这没办法,谁让他这破身体就是这么怕痛,忍都忍不了。

于是乎,喷涌的泪水让他捧着的脸颊瞬间又冰凉几分,简直比那深冬寒雪还要渗骨。这种感觉让贺玠想起小时候在雪地里挖出来的死蛇。一根根冻成冰柱的蛇棍,握在手里能把五指都粘在一起。

贺玠没忍住,笑了一下。殊不知这虚弱的笑容在裴尊礼眼中好比那临终前的释怀,他顿时两只眼睛都通红了,好似忘记了如何呼吸,只会毫无章法地急喘,吞咽。僵硬的双手胡乱环住贺玠的肩膀,整个人抖得如风中秋叶。

这下贺玠连痛也忘记了,张嘴急道:“我真没事,你冷静点啊!”

他怕再不做点什么印证自己尚还安好,裴尊礼恐是能被生生吓死。他脸色白,上面又有血,浑然一幅红梅落雪,让那本就生得俊美的外貌平添一抹妖冶。

好一个将倾未倾的琉璃盏——贺玠觉得肩膀都不疼了……换成心疼了。他思忖片刻,觉得自己被刺穿的样子确实挺吓人,于是一手抓起裴尊礼的袖子,一手放在钉在肩头的澡墨上。

“得罪了。”贺玠轻声道,随后猛地咬上他的衣袖,同时右手发力,将澡墨一点点拔了出来。

说不疼那肯定是假的,长剑离体的那一刻,贺玠实在是没忍住,吐出袖子发出一声痛彻心扉的大喊。他想着反正这里的人都不在意他的颜面,喊得那叫一个酣畅淋漓。把不远处兴致勃勃看戏的康庭岳和那群妖兽吓了一跳,连蹲在地上神游的江祈都被喊醒了。急匆匆跑来的尾巴也一个激灵定在原地,耳朵竖起老高。

杜玥正和唐枫打得激烈,闻声一个闪躲没躲掉,被按在地上狠吃了两记直拳。她火冒三丈地看向贺玠,见他还好端端地靠人怀里,更是气不打一处来。对着他破口大骂道:“叫什么叫!从小到大屁大点痛都忍不了,就你最会装!显得自己很柔弱吗!”

“……”贺玠一个语塞。偷偷看向四周,见众人神色没什么变化后松了口气。不对,为什么要松气?没人惊讶不就意味着这里几乎所有人都知道自己曾经是谁了吗?那自己先前为了隐藏身份,小心翼翼畏畏缩缩的傻样到底是为了啥?

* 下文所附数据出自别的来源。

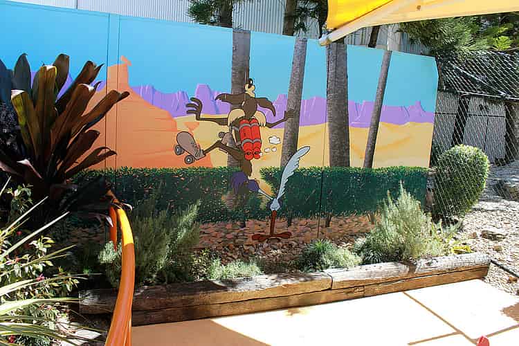 And the final in our series of walls across paths, Looney Tunes River Ride's old queue has of course been converted into a viewing area for Road Runner Rollercoaster with this bright mural.
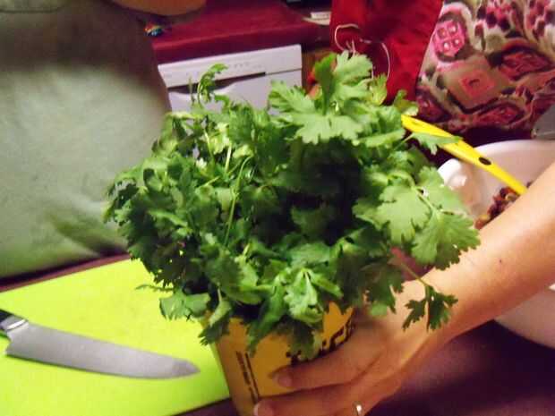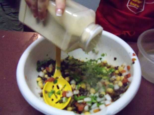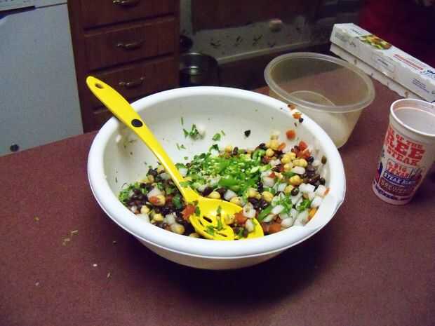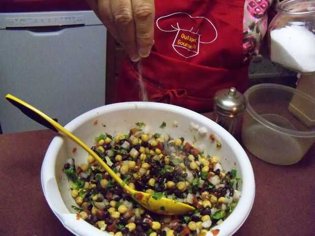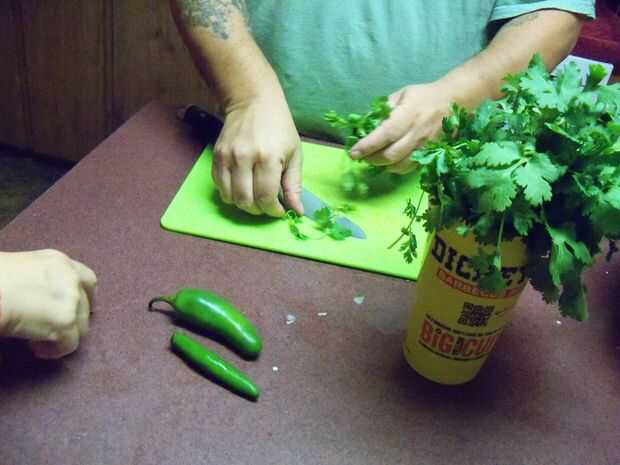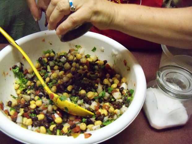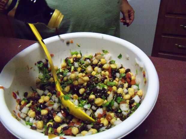 Un poco de cilantro y dados para arriba también; un pequeño truco para cuando dice arriba, no romper los tallos pero más bien doblarlas por la mitad para cortar en cuadritos. Esto ayuda a liberar el sabor y hace más fácil picar. Después de agregar, vaya por delante y dice arriba un jalapeño y un pimiento serrano; puede sacar las semillas y las venas (que le quita el picor de los pimientos) o dejarlas en si te gusta un poco picante. Después se mezcla en el material picado, seguir adelante y mezclar otra vez. Ahora tiempo para agregar algunos fuera de sabor. Espolvorear sobre algunos ajo en polvo, sal (muy poco) y pimienta negra, haciendo todo esto al gusto. Luego seguir adelante y tomar alguna vinagreta balsámica y vierta allí, cata a medida que avanza. A veces los garbanzos absorberá mucho de los jugos extras y el caviar parecerá seco. Si esto sucede, vierte un poco aceite de oliva y luego mezcla en alguna vinagreta más y usted debe ser bueno.

贺玠轻咳两声,把淬霜搁到受伤的肩头,待到伤口愈合得差不多了,转头捏了捏裴尊礼的脸,顺带将那些血渍擦掉。裴尊礼神情愣怔,还沉浸在刚才的悲痛中没出来,被捏脸也没有反应,只是轻轻眨了眨眼。

“乖啊。”他扬唇笑道,“在这里等我一会儿。”

说完他不等裴尊礼做出回应,提起剑就朝着康庭岳直冲而去。康庭岳本来正在兴冲冲地隔岸观火,没想到火突然烧到了自己身上,诧异地睁开眼,身旁的妖兽们便齐刷刷挡在了他身前。

贺玠的剑劈在了重重掩护之上,根本伤不得他半分。

“鹤妖阁下不会还认为自己是当年上天入海的大妖吧?”康庭岳挥挥手,妖群散开,“看在过去咱俩相识的份上,我劝你还是听话些不要乱动,免得多受皮肉之苦。”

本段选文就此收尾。